Que peuvent nous apprendre les orgues d'église sur le changement climatique ?
Les églises conservent des registres des dates d'accordage de leurs orgues. Ces registres peuvent remonter à plusieurs décennies, voire plus loin. Ils constituent une mine d'informations précieuses sur l'évolution du climat au fil des ans.

Des chercheurs de l'Université Nottingham Trent (NTU) ont analysé 18 registres de jeux d'orgues d'églises de Londres, du Nottinghamshire et du Derbyshire afin d'en apprendre davantage sur le changement climatique dans la région. Ces relevés, qui remontent à 1966, montrent comment les températures moyennes dans les églises ont augmenté depuis lors.
Que sont les livres de parties d'orgue ?
Les orgues d'église sont des instruments complexes, en métal ou en bois, actionnés par le vent. Leur hauteur de son dépend des conditions météorologiques, notamment de la température. Une augmentation d'un seul degré peut modifier la hauteur du son de 0,8 hertz.
Les accordeurs d'orgues sont très attentifs à des facteurs comme la température, car celle-ci peut entraîner la dilatation ou la contraction du métal. C'est pourquoi ils notent également la date du dernier accordage.
De ce fait, ces vieux registres poussiéreux, conservés dans diverses églises, sont devenus une véritable mine d'informations sur le changement climatique. Accorder des orgues dans les pays chauds est un défi, mais cela devient également de plus en plus difficile dans les régions plus froides comme la Grande-Bretagne.

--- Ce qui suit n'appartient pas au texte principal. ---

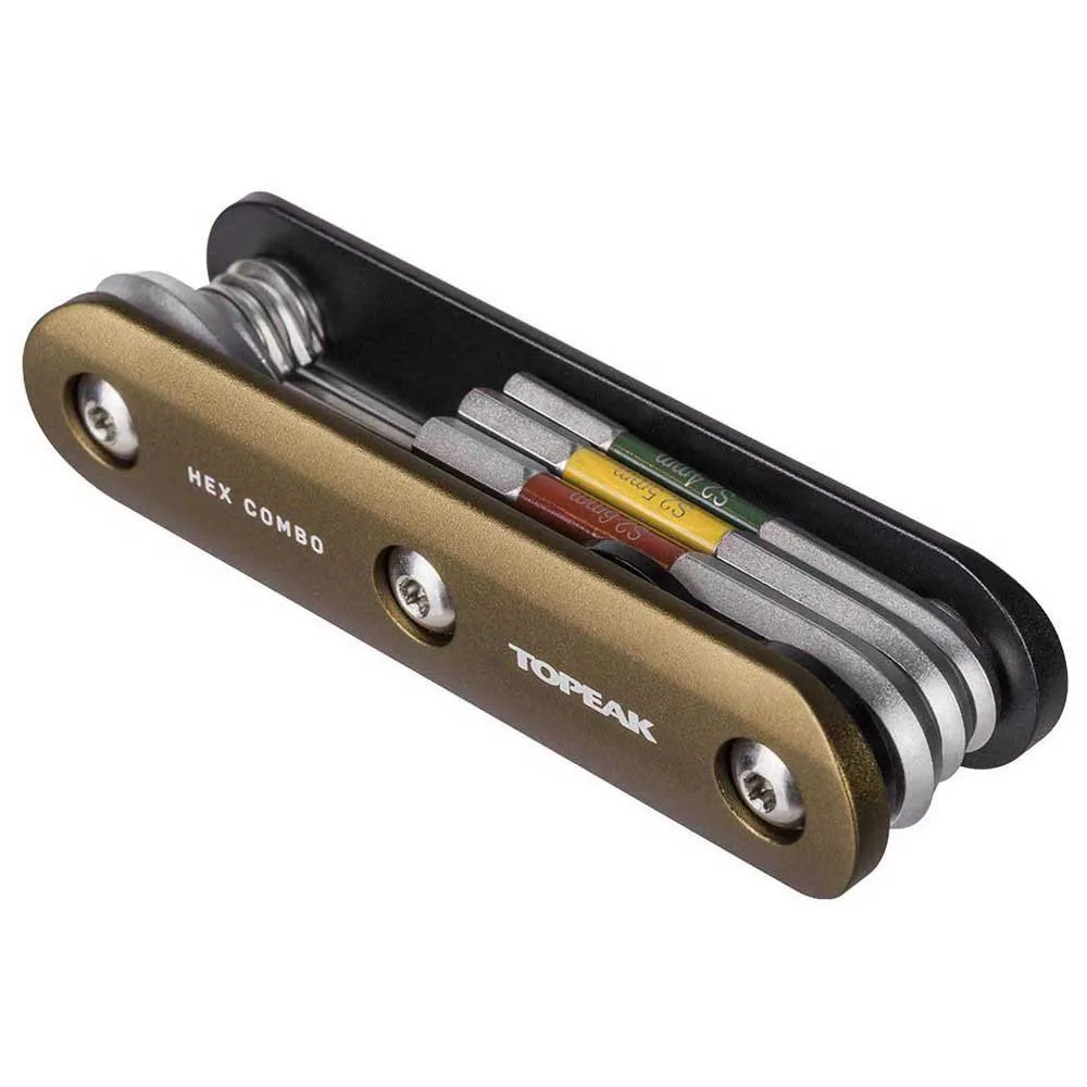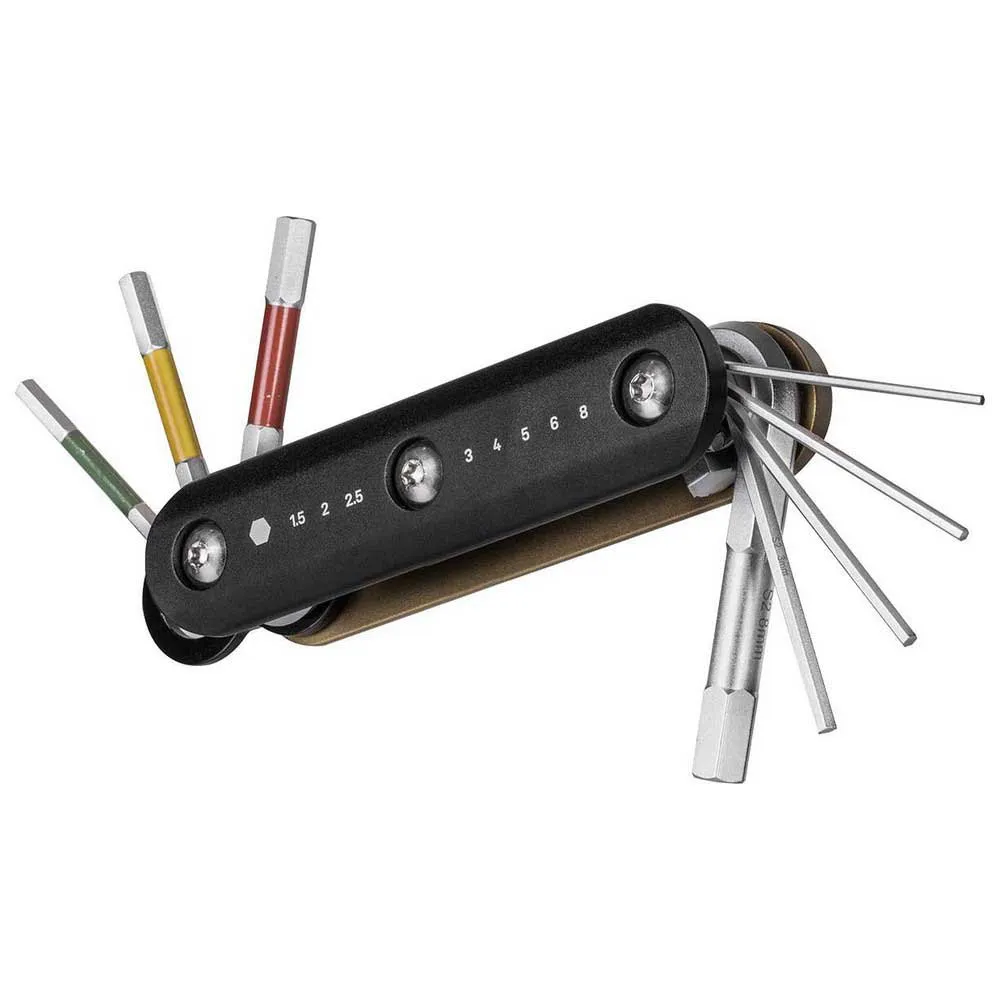 Hex Combo oferuje 8 profesjonalnych, wytrzymałych kluczy imbusowych ze stali hartowanej S2 o wysokiej wytrzymałości na rozciąganie, co zapewnia lepszą odporność na zużycie i dłuższą żywotność narzędzia. Hex Combo łączy najczęściej używane rozmiary sześciokątów w jednym wygodnym składanym narzędziu z trwałym, wygodnym i gładkim aluminiowym korpusem. Kodowane kolorami klucze imbusowe 4/5/6mm ułatwiają identyfikację, a wbudowany brelok ułatwia powieszenie lub przywiązanie.

Qu'avons-nous appris sur le changement climatique ?
Le trio de chercheurs de l'Université technologique de Nanyang (NTU), Yangang Xing, Andrew Knight et Bruno Bingley, a analysé les données de température enregistrées dans les livres de parties d'orgue et a constaté que les températures moyennes dans les églises augmentent aussi bien en hiver qu'en été.
Les églises sont généralement de grands édifices en pierre qu'il était historiquement difficile de chauffer. Les systèmes de chauffage modernes permettent désormais de remédier à ce problème, mais ces systèmes sont coupés pendant les mois d'été, confirmant ainsi ce que nous soupçonnions déjà : la planète se réchauffe.
L'humidité joue probablement aussi un rôle. Un document provenant d'une église de Nottingham indique que l'accordage de l'orgue fut plus difficile ce jour-là en raison du brouillard. Bien entendu, les scientifiques ne se contentent pas de quelques enregistrements pour tirer une conclusion majeure.
C'est pourquoi ils invitent d'autres personnes à partager les données de leurs recueils de parties d'orgue. Plus ces données remontent loin dans le temps, mieux c'est. Ils espèrent surtout que l'on prendra conscience de la valeur inestimable des données que recèlent ces recueils, attendant d'être découvertes.